-------- INFORMATION SHOWN
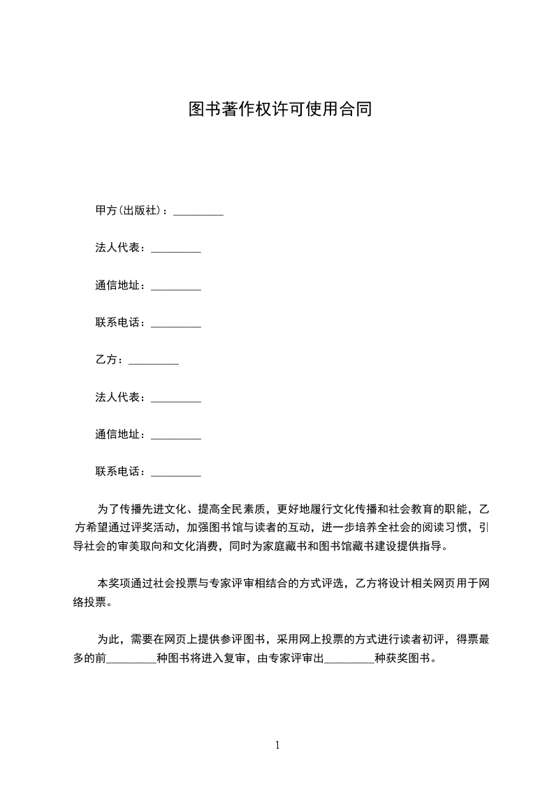 1、甲方同意向乙方无偿非专属授权使用书名为_________的著作(包括该著作的版式及装帧,以下简称本著作)
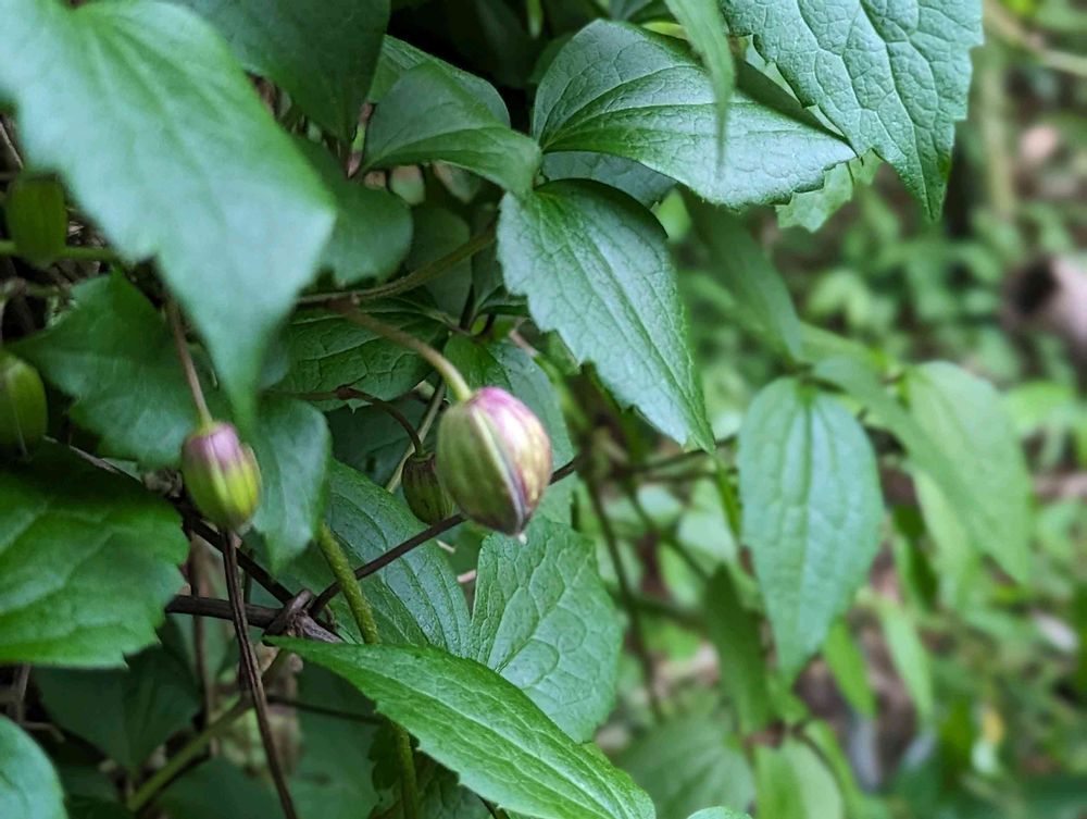 クレマチスの原種(?)のハンショウヅル、蕾だったけど咲いたところ見てみたい
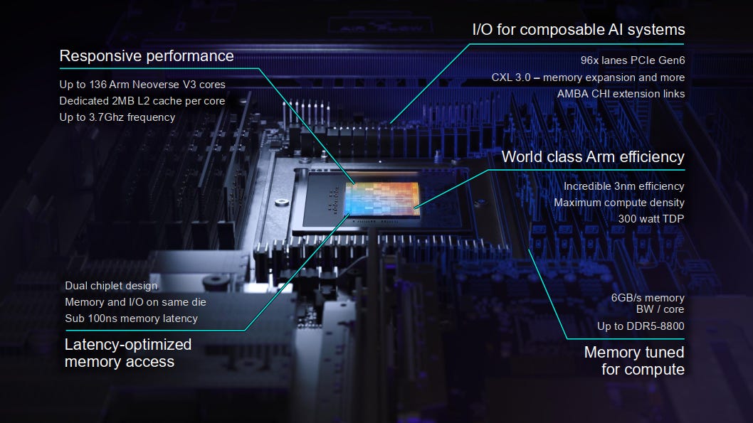 Its a server CPU based on Arm’s Neoverse V3 server core, with up to 136 of these cores on dual chiplets.
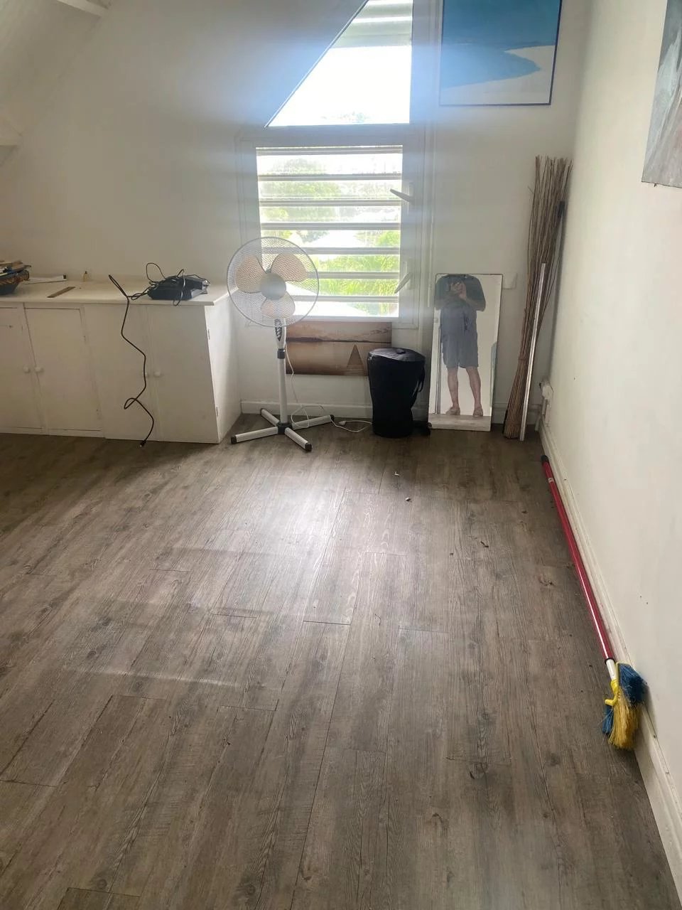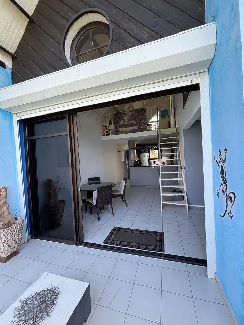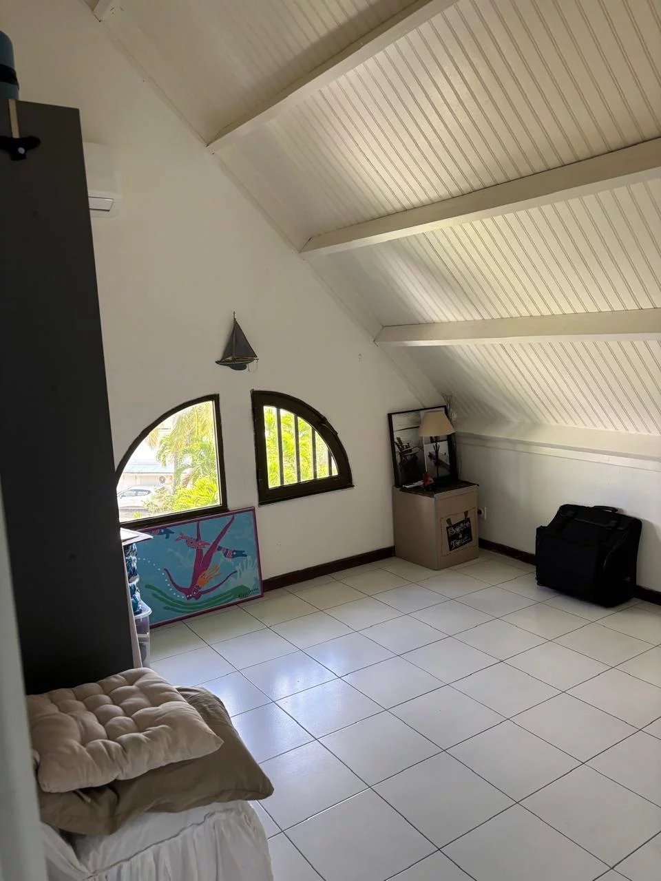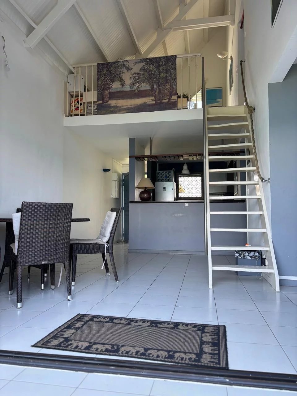 A l'étage : 1 grande mezzanine, 2 chambres climatisées, 1 salle d'eau avec wc. 1 place de parking privée
----------------
→ ASSIGNMENT:
In your copy of the material, match every word exactly and include no pictures.

→ TASK OUTPUT:
 1、甲方同意向乙方无偿非专属授权使用书名为_________的著作(包括该著作的版式及装帧,以下简称本著作)
 クレマチスの原種(?)のハンショウヅル、蕾だったけど咲いたところ見てみたい
 Its a server CPU based on Arm’s Neoverse V3 server core, with up to 136 of these cores on dual chiplets.
 A l'étage : 1 grande mezzanine, 2 chambres climatisées, 1 salle d'eau avec wc. 1 place de parking privée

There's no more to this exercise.